Nama dan tanda tangan pihak-pihak yang
membuat kontrak.
2. Subjek dan jangka waktu kontrak.
3. Lingkup kontrak.
4. Dasar-dasar pelaksanaan kontrak.
5. Kewajiban dan tanggung jawab.
6. Pembatalan kontrak
3. Macam-macam Perjanjian
a.
Perjanjian dengan Cuma-Cuma dan perjanjian
dengan beban
Perjanjian dengan Cuma-Cuma ialah suatu
perjanjian dimana pihak yang satu memberikan suatu keuntungan kepada yang lain
tanpa menerima suatu manfaat bagi dirinya sendiri. (Pasal 1314 ayat (2)
KUHPerdata).Perjanjian dengan beban ialah suatu perjanjian dimana salah satu
pihak memberikan suatu keuntungan kepada pihak lain dengan menerima suatu
manfaat bagi dirinya sendiri.
b.
Perjanjian sepihak adalah suatu perjanjian
dimana hanya terdapat kewajiban pada salah satu pihak saja.Perjanjian timbal
balik ialah suatu perjanjian yang memberi kewajiban dan hak kepada kedua belah
pihak.
c.
Perjanjian konsensuil ialah perjanjian
dianggap sah apabila ada kata sepakat antara kedua belah pihak yang mengadakan
perjanjian tersebut.
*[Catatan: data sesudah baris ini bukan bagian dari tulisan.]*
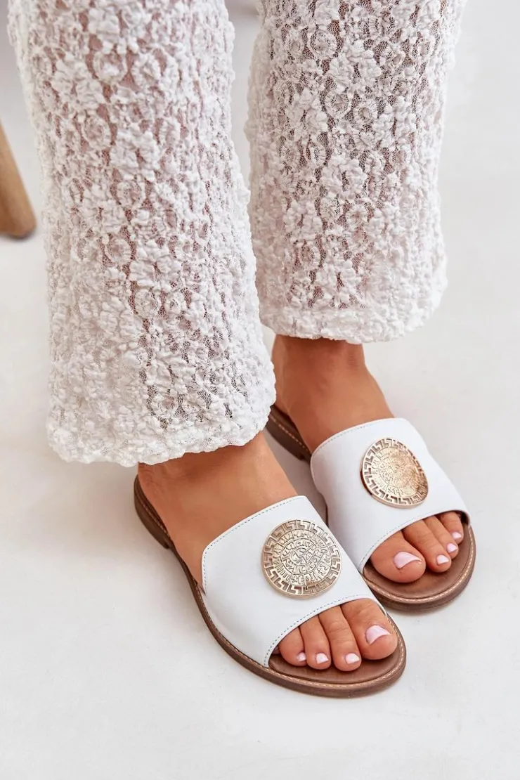 Damskie klapki wykonane z wysokiej jakości skóry naturalnej to połączenie elegancji i wygody. Osadzone na płaskim obcasie, zapewniają komfort noszenia przez cały dzień. Subtelna ozdoba na cholewce nadaje im wyjątkowego uroku i klasy, dzięki czemu świetnie sprawdzą się zarówno w casualowych, jak i bardziej eleganckich stylizacjach. Idealne na ciepłe dni, stanowią niezastąpiony dodatek do letnich sukienek, spodni czy spódnic. Przy wyborze rozmiaru prosimy sugerować się tabelą rozmiarów.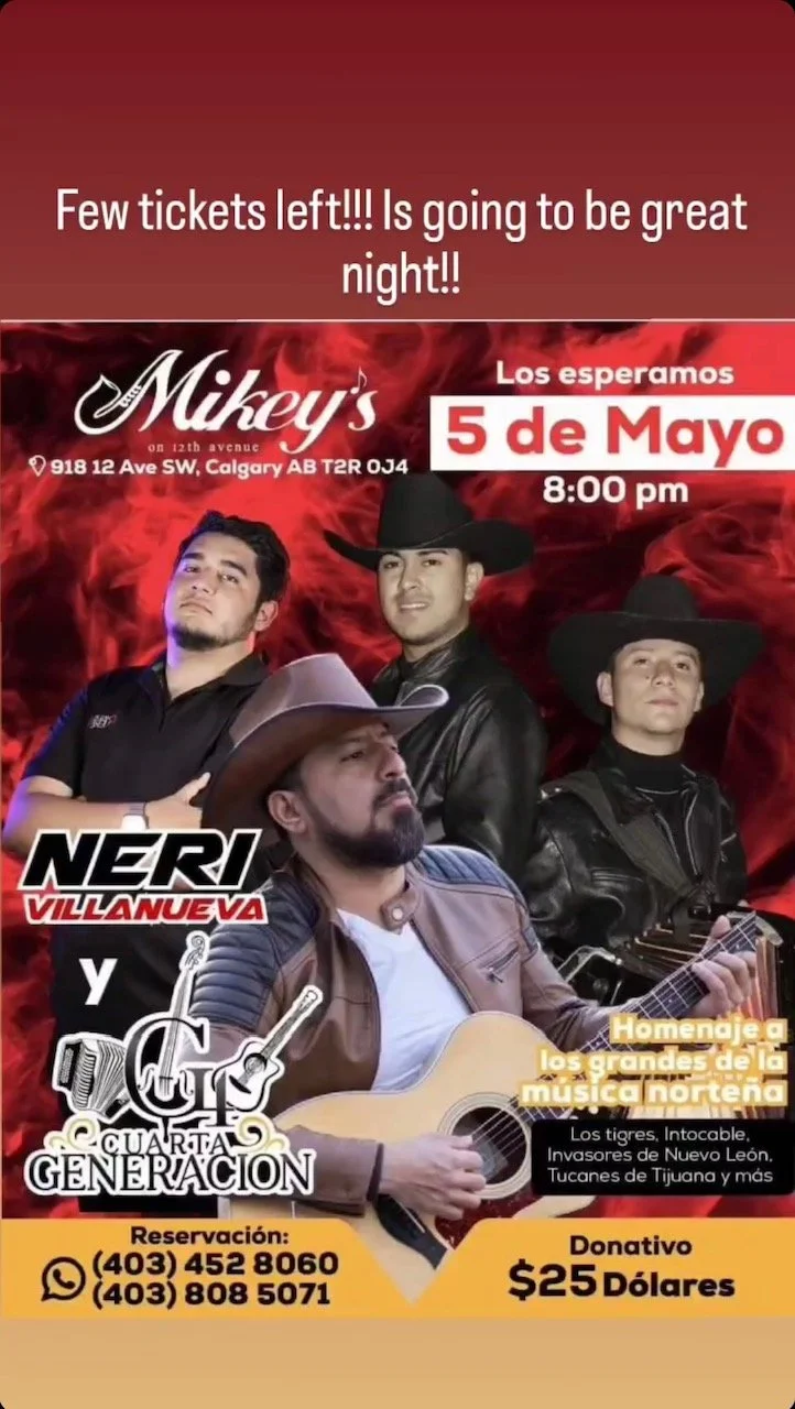 Enjoy OUR HAPPY/APPY HOUR starting at 2:00 with MARK SADLIER-BROWN in from 4:00 to 7:00...then we have a LATIN CINCO DE MAYO EVENT! Friday, May 5, 2023 4:00 p.m. 11:59 p.m. 16:00 23:59 Google Calendar ICS Enjoy OUR HAPPY/APPY HOUR starting at 2:00 with MARK SADLIER-BROWN 4:00 to 7:00… [$5 Cover] ...then we have a LATIN CINCO DE MAYO EVENT!@ 9:00 PM [COVER CHARGE]BOOK YOU PARTY HERE!!! 403-452-8060
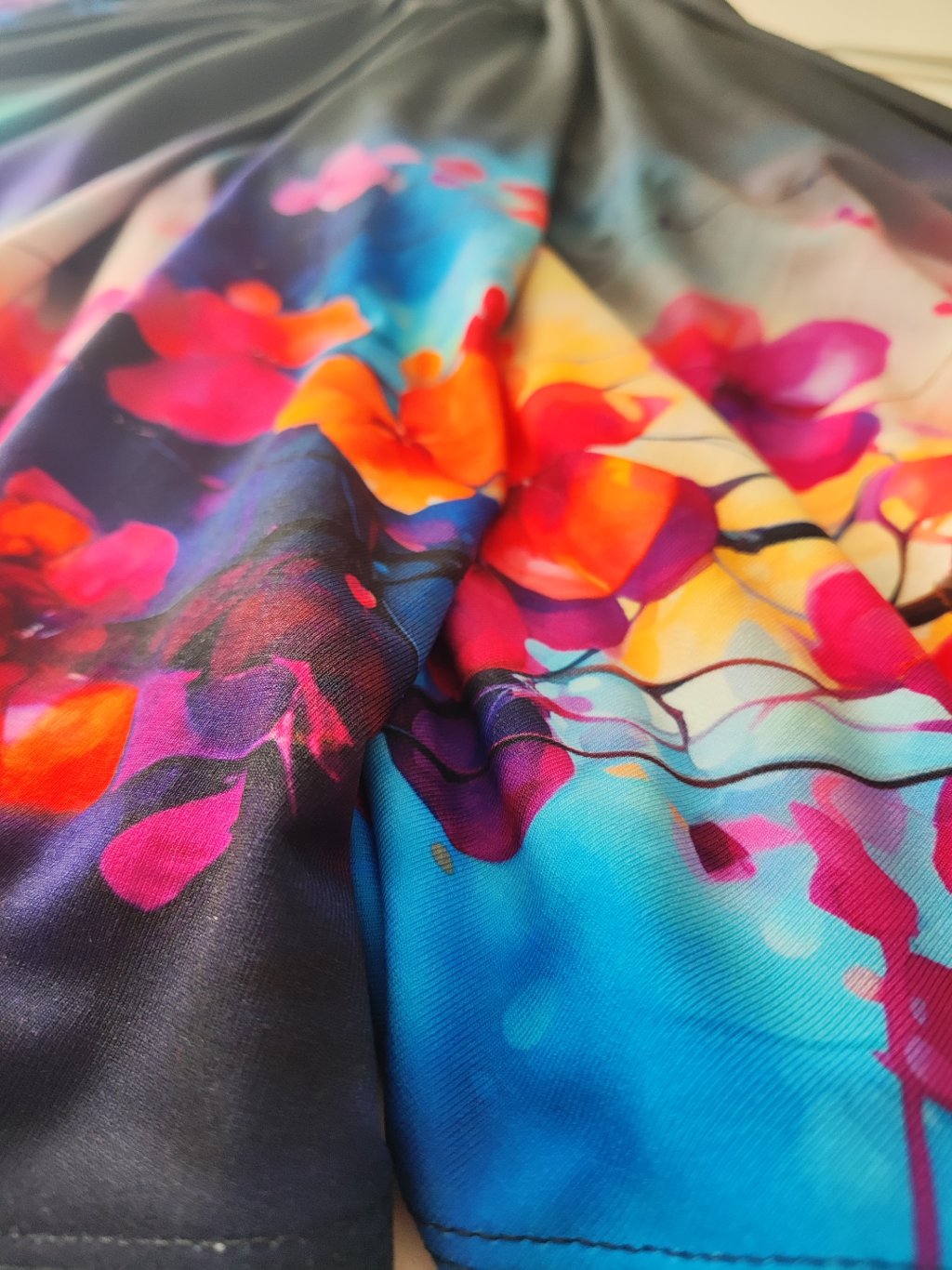Odstín Večerní zahrada připomíná tajemný soumrak, kdy se květy v zahradě zbarvují do temně modrých, červených a oranžových tónů. Působí jako malba, která v sobě nese jak vášeň, tak klid večerní chvíle. Vzor je výrazný a elegantní, takže krásně vynikne při každém kroku.
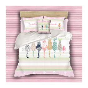 Double, queen and king sets include: 1 comforter, 2 pillow shams, 2 square cushions and 1 breakfast cushion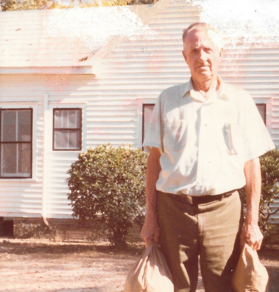 The last time I saw Cousin Eugene was in October of 1974, three months after Aunt Mary died. He was standing on those back steps looking much the way he’d always looked. He let me snap a photo. The family had come together there in December 1973 for Christmas dinner, but I’d moved to Atlanta in January and was in Western New York State when news came of her death a few days into July. When I arrived back home that October, Daddy said her property was on the market, so I rode out to Screven County with my camera, and stopped in at the farm house on my way to the pond.
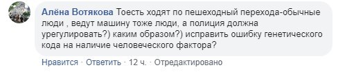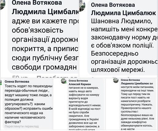 Значно пізніше під постом Л. Цимбалюк виникла доволі дивна дискусія. Офіцерка патрульної поліції Вінниччини Олена Вотякова у коментарі висловила свою думку, можливо, особисту, щодо ситуації на перехресті.

Perjanjian formil ialah perjanjian yang harus dilakukan dengan
suatu bentuk tertentu, yaitu dengan cara tertulis.Perjanjian riil ialah suatu
perjanjian dimana selain diperlukan adanya kata sepakat, harus diserahkan.
d.
Perjanjian bernama adalah suatu perjanjian
dimana Undang Undang telah mengaturnya dengan kententuan-ketentuan khusus yaitu
dalam Bab V sampai bab XIII KUHPerdata ditambah titel VIIA.Perjanjian tidak
bernama ialah perjanjian yang tidak diatur secara khusus. Perjanjian campuran
ialah perjanjian yang mengandung berbagai perjanjian yang sulit
dikualifikasikan.
4. Syarat sahnya Perjanjian
Menurut Pasal 1320 Kitab Undang Undang
Hukum Perdata, sahnya perjanjian harus memenuhi empat syarat yaitu :
a. Sepakat untuk mengikatkan diri.
Sepakat maksudnya adalah bahwa para pihak
yang mengadakan perjanjian itu harus bersepakat, setuju untuk seia sekata
mengenai segala sesuatu yang diperjanjikan. Kata sepakat ini harus diberikan
secara bebas, artinya tidak ada pengaruh dipihak ketiga dan tidak ada gangguan.
b. Kecakapan untuk membuat suatu perjanjian
Kecakapan untuk membuat suatu perjanjian berarti
mempunyai wewenang untuk membuat perjanjian atau mngadakan hubungan hukum. Pada
asasnya setiap orang yang sudah dewasa dan sehat pikirannya adalah cakap
menurut hukum.
c. Suatu hal tertentu
Suatu hal tertentu merupakan pokok
perjanjian. Syarat ini diperlukan untuk dapat menentukan kewajiban debitur jika
terjadi perselisihan. Pasal 1338 KUHPerdata menyatakan bahwa suatu perjanjian
harus mempunyai sebagai suatu pokok yang paling sedikit ditetapkan jenisnya.
d. Sebab yang halal
Sebab ialah tujuan antara dua belah pihak
yang mempunyai maksud untuk mencapainya. Menurut Pasal 1337 KUHPerdata, sebab
yang tidak halal ialah jika ia dilarang oleh Undang Undang, bertentangan dengan
tata susila atau ketertiban. Menurut Pasal 1335 KUHPerdata, perjanjian tanpa
sebab yang palsu atau dilarang tidak mempunyai kekuatan atau batal demi hukum.
Dua syarat yang pertama
yaitu kesepakatan dan kecakapan yang disebut syarat- syarat subyektif.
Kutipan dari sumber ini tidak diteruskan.